(Data to examine):
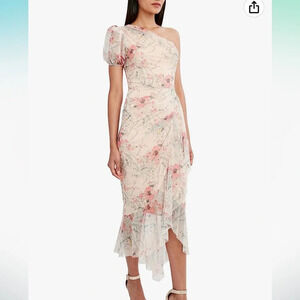 The BCBGMAXAZRIA dress is designed in a one-shoulder style with an allover floral print.
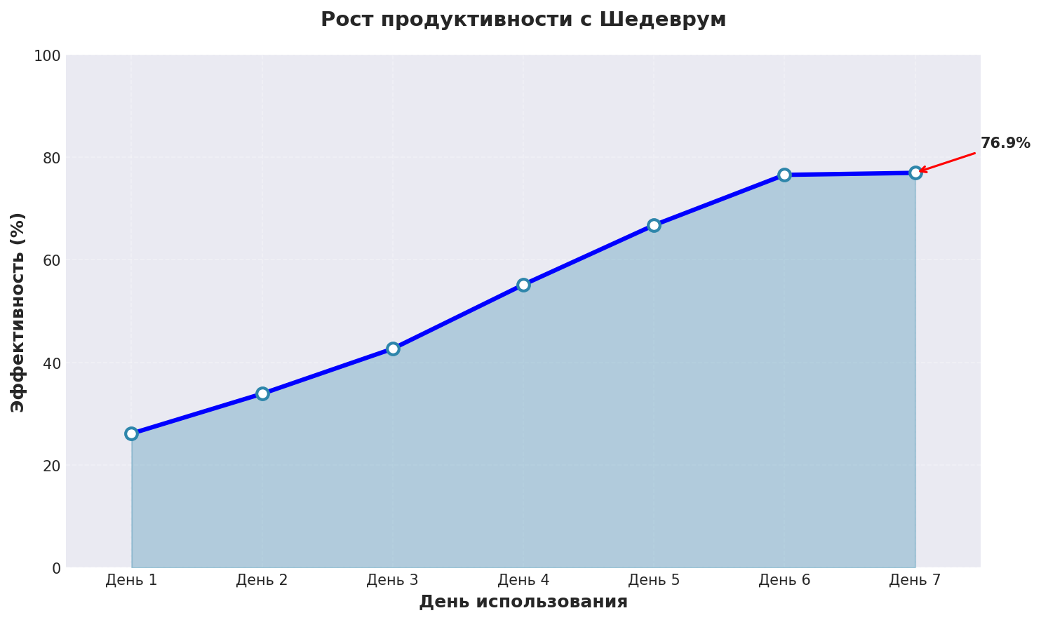 График показывает реальный рост эффективности нейросеть ответы на вопросы при использовании Шедеврум с применением описанных техник
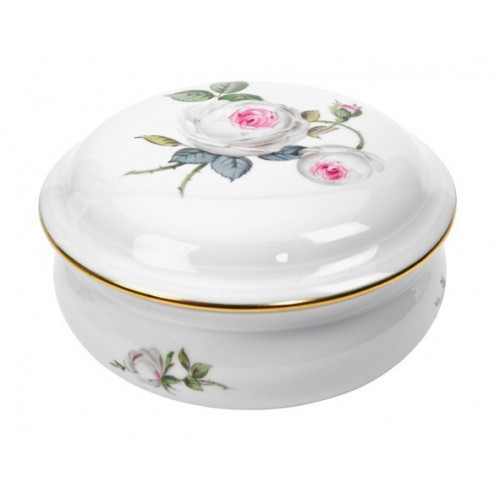 Dose, Form "Neuer Ausschnitt", Weiße Rose mit Purpurkern, Goldrand, ø 9 cm
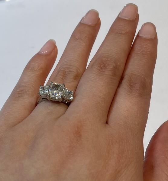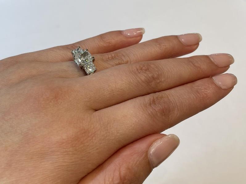 AN IMPRESSIVE THREE STONE CUSHION CUT DIAMOND PLATINUM RING TOTALLING 3.13CTS
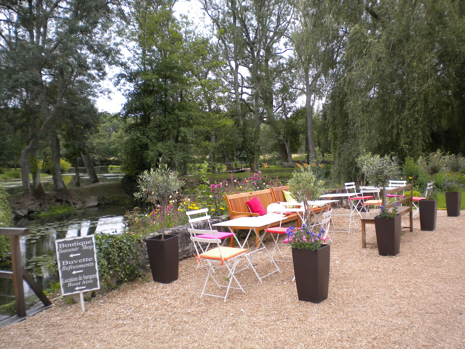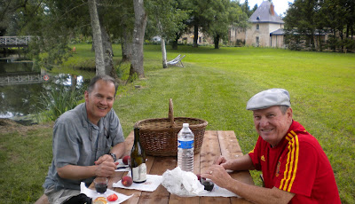 Bill put together a wonderful picnic for us: sandwiches made with rilette on baguette as well as Camembert sandwiches, fresh peaches and tomatoes, a fine Chinon wine, and a bottle of water. We enjoyed this meal at a picnic table along the water on the l’Isette grounds, and it will become the standard by which all future picnic lunches are judged.

(Work instructions):
Take the whole listing above and copy it exactly. Pictures do not go into the copy.

(Exercise solution):
 The BCBGMAXAZRIA dress is designed in a one-shoulder style with an allover floral print.
 График показывает реальный рост эффективности нейросеть ответы на вопросы при использовании Шедеврум с применением описанных техник
 Dose, Form "Neuer Ausschnitt", Weiße Rose mit Purpurkern, Goldrand, ø 9 cm
 AN IMPRESSIVE THREE STONE CUSHION CUT DIAMOND PLATINUM RING TOTALLING 3.13CTS
 Bill put together a wonderful picnic for us: sandwiches made with rilette on baguette as well as Camembert sandwiches, fresh peaches and tomatoes, a fine Chinon wine, and a bottle of water. We enjoyed this meal at a picnic table along the water on the l’Isette grounds, and it will become the standard by which all future picnic lunches are judged.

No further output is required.